P nitrophenyl phosphate n1891

Hb-α-syn complex levels in brain tissue, cell lysates, and RBCs were measured by ELISA using a mouse monoclonal anti-Hb antibody (ab77125; Abcam, Cambridge, MA, USA) and biotinylated mouse monoclonal anti-α-syn (3D5) antibody [40 (link)] for capture and detection, respectively. After completion of the immunoreaction, samples were incubated with 100 μl ExtrAvidin alkaline phosphatase (E-2636; Sigma-Aldrich, St. Louis, MO, USA) diluted 1:20,000 in blocking buffer followed by the enzyme substrate p-nitrophenyl phosphate (N1891; Sigma-Aldrich). The reaction was allowed to proceed for 30 min at room temperature, after which the absorbance was read at 405 nm using a Multiskan MK3 microplate reader (Thermo Scientific, UT, USA).

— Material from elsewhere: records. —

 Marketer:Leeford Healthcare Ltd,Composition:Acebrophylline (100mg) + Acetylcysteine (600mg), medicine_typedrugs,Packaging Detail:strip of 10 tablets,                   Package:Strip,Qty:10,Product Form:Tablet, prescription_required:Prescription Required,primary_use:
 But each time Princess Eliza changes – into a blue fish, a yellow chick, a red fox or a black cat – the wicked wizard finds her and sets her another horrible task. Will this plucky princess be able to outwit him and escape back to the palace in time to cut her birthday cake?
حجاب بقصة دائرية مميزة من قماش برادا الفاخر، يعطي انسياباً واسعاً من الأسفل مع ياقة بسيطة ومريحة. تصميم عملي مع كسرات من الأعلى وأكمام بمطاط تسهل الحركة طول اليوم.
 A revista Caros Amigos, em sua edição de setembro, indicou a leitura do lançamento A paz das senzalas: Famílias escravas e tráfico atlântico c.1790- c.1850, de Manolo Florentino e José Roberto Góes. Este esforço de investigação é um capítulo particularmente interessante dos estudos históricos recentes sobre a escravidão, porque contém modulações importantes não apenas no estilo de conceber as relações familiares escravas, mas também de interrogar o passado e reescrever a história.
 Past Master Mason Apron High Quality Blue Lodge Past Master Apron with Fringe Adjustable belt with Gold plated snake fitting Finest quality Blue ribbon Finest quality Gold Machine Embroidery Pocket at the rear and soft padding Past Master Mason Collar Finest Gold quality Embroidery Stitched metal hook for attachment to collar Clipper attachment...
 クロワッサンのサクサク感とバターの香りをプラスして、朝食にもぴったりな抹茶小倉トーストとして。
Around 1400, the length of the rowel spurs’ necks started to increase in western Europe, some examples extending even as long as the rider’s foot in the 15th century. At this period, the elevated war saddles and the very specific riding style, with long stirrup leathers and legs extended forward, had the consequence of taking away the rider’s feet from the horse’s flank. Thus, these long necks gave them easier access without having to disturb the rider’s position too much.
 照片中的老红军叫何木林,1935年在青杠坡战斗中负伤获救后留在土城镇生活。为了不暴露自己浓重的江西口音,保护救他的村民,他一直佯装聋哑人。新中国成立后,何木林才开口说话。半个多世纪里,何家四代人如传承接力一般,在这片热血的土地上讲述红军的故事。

The oligomeric α-syn concentration in brain tissues and cell lysates was measured by ELISA [18 (link), 42 (link)] using non-biotinylated and biotinylated 3D5 mouse monoclonal antibodies [40 (link)] for capture and detection, respectively. After completion of the immunoreaction, the contents of each well of the ELISA plate were incubated with 100 μl of ExtrAvidin Alkaline Phosphatase (E-2636; Sigma-Aldrich, St. Louis, MO, USA) diluted at a ratio of 1: 20,000 in blocking buffer, and then reacted with the enzyme substrate p-nitrophenyl phosphate (N1891; Sigma-Aldrich, St. Louis, MO, USA). The reaction was allowed to proceed for 30 min at room temperature, after which the absorbance was read at 405 nm using a Multiskan MK3 microplate reader (Thermo Scientific, UT, USA).
To detect pS129 α-syn, 0.1 μg/ml of anti-pS129 α-syn polyclonal antibody (Santa Cruz Biotechnology, Santa Cruz, CA, USA) in coating buffer was used for capture. The remaining steps were the same as for the detection of oligomeric α-syn by ELISA.